Am 13. September 2011 13:34 schrieb Theo10011 de10011@gmail.com: <snip>
The biggest strength that a Wikinews like project can always have, is the most diverse contributor base anywhere. We have contributors from so many countries, they all know how to contribute, they speak a hundred languages and have access to things a news/wire service will never have. Wikinews was never able to capitalize on this.
Theo
Do we really have such a diverse base? I agree that Wikimedia is quite diverse - although even Wikipedia is made up of way too many intellectual white men (or rather, too few elderly people, women, people from the 'global south', people who did not have a university degree or are getting one etc etc etc) - even Wikipedia is quite biased in its community. And then we're only talking about the English language - you can imagine that the Dutch language projects have relatively many people living in... (no kidding) the Netherlands. We are not perfectly diverse, but we do have the potential to be very diverse indeed. On some aspects we might be *relatively* diverse, but on many others we're not.
It is this potential that does matter though - but to achieve that, we should work on it.
But more importantly - you are correct that Wikinews' user base is simply too small. You can theoretically write an encyclopedia with 3 skilled people, as long as you take your time and do a hell lot of research. However, this is not true for a news source - to make that work you always need up to date everything, you need to cover the latest news and have interesting research. If Wikipedia stands still for a week (no edits) we can just continue after that. If the New York Times would do the same, most likely they have lost a lot of their readers. Continuity and masses are even more important for Wikinews than for Wikipedia to make it work.

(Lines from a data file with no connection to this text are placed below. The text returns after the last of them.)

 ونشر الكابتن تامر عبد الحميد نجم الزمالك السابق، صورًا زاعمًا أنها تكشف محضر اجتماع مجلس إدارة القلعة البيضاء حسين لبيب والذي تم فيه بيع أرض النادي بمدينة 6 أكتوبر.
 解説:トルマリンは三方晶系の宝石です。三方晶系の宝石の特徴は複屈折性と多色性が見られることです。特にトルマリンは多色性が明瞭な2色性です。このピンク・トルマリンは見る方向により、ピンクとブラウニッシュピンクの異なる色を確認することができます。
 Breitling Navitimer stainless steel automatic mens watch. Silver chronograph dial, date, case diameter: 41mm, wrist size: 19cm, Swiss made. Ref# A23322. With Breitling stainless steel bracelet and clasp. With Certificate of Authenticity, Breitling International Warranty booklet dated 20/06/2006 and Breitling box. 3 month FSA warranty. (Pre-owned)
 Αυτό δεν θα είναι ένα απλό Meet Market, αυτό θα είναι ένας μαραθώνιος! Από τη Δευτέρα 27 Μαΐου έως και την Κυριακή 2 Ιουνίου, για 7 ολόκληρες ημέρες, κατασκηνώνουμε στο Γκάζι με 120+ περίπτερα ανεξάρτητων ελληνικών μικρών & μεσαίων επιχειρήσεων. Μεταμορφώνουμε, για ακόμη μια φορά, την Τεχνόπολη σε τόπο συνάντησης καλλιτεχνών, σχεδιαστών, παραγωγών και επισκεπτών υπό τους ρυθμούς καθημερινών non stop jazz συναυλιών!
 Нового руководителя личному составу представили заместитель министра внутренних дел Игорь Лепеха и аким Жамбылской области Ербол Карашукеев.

Therefore, I'm not so sure if forking is good per se. Wikinews was already too small to my liking, and splitting it up might bring the community even further below the critical mass. At the same time it might bring the apparently needed changes for some, and make them work - I do hope though that both communities will quickly figure out what methods work best, and join together again to make it more likely to pass this threshold of activity.